While top GOP lawmakers endorsed the provision, critics within the Republican conference argued it was a consumer tax that would ultimately lead to a substantial increase in prices on a number of goods.

GOP House, Senate and White House leaders released a joint statement asserting they are united in their goal to bring down rates and spur economic growth.

“We are now confident that, without transitioning to a new domestic consumption-based tax system, there is a viable approach for ensuring a level playing field between American and foreign companies and workers, while protecting American jobs and the U.S. tax base,” the joint statement reads. “While we have debated the pro-growth benefits of border adjustability, we appreciate that there are many unknowns associated with it and have decided to set this policy aside in order to advance tax reform.”
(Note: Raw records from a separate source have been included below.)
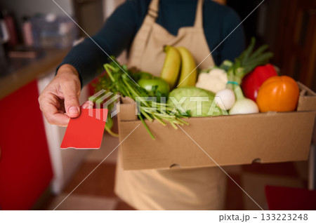 Delivery Person Holding Red Card With Box Of Fresh Vegetables For Grocery Service
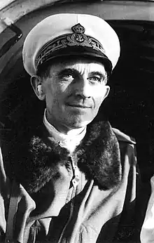 Having returned to Italy to take up the post of president of the Superior Council of the Navy in Rome, he was surprised in the capital by the proclamation of the Armistice of Cassibile on 8 September 1943. He refused any collaboration with the authorities of the newly established Italian Social Republic and reached his native Piedmont, where he joined the ranks of the Resistance. He fought as a partisan in the Langhe, taking part in numerous war actions with Enrico Martini's 1° Gruppo Divisioni Alpine, for which after the end of the war he would be awarded a second silver medal for military valor. In April 1945 he resumed active service in the Navy, assigned to the Ministry as a member of the Special Commission of Inquiry, where he served until March 4, 1946 when he retired from active service. He died in Turin on March 27, 1958.[1][8]
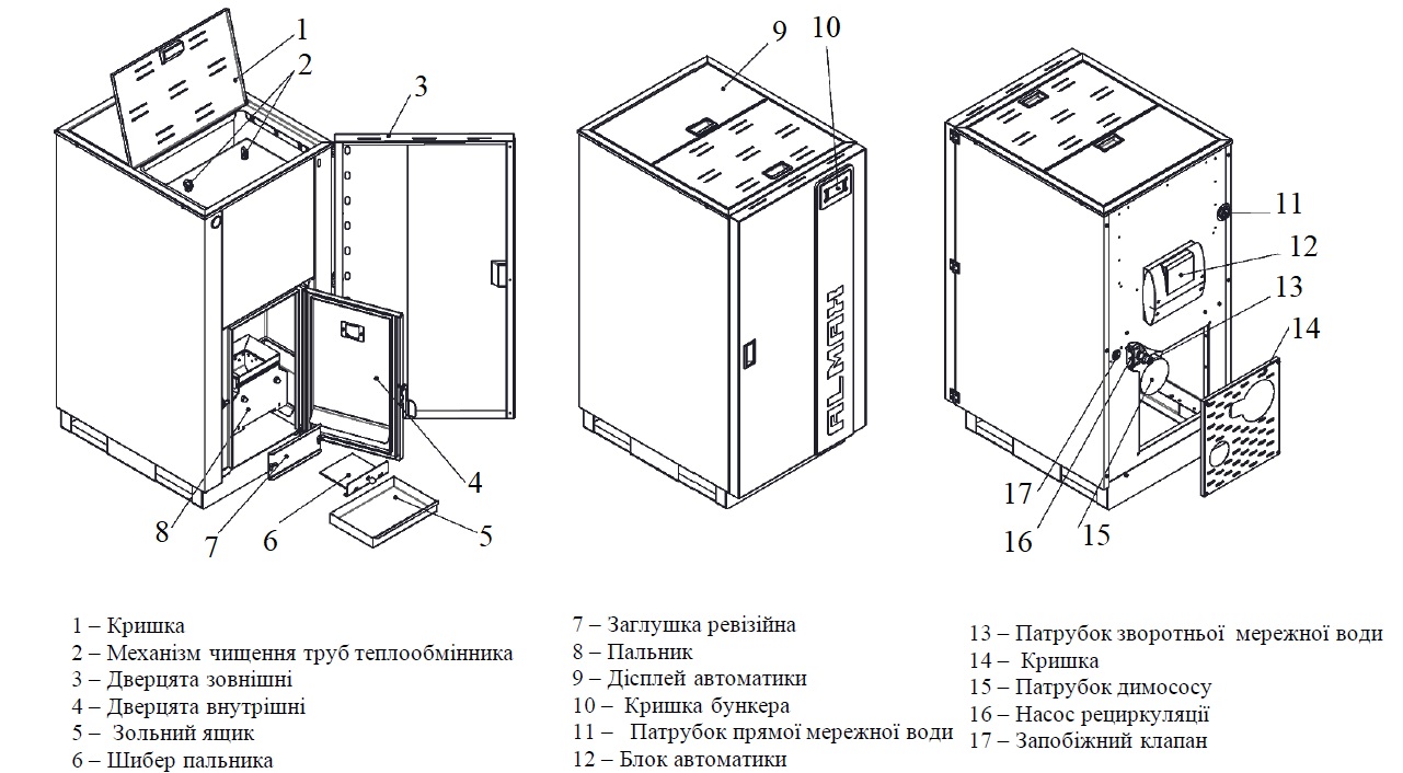 Основні елементи котла, такі як пальник, двигуни і система автоматичної подачі палива, легко доступні для обслуговування, що забезпечує комфортне і безпечне використання.

With GOP lawmakers hoping to use the reconciliation process — a tool allowing a budgetary related-measure to pass with just a simple majority in the upper chamber — the death of the BAT could prove to be problematic, as the measure can’t increase the deficit after a 10-year window under parliamentary rules. The provision would have generated a whopping $1.2 trillion in revenue over the course of a decadeaccording to Tax Foundation, providing the necessary means to offset their plans to slash both corporate and individual rates.

Brady and Ryan said, while they are still supportive of the BAT, shelving the idea was necessary to move forward with negotiations to craft a plan to pass permanent tax reform this year.

“You know I’m convinced border adjustability is the best solution for keeping jobs in America and bringing them back from overseas, and helping lower taxes for local businesses,” Brady told reporters Thursday. “We had a healthy debate on that provision, but in order for us to unify it was important to set it aside for now.”

According to the Texas Republican, he is working with members of the Senate Finance Committee and administration officials to ensure they can find a way to bring rates down as low as possible.

“I’m confident that we’re getting close to a solution that addresses that problem of U.S. companies and profits moving overseas,” Brady continued. “We still have work to do, but I like the path we’re going.”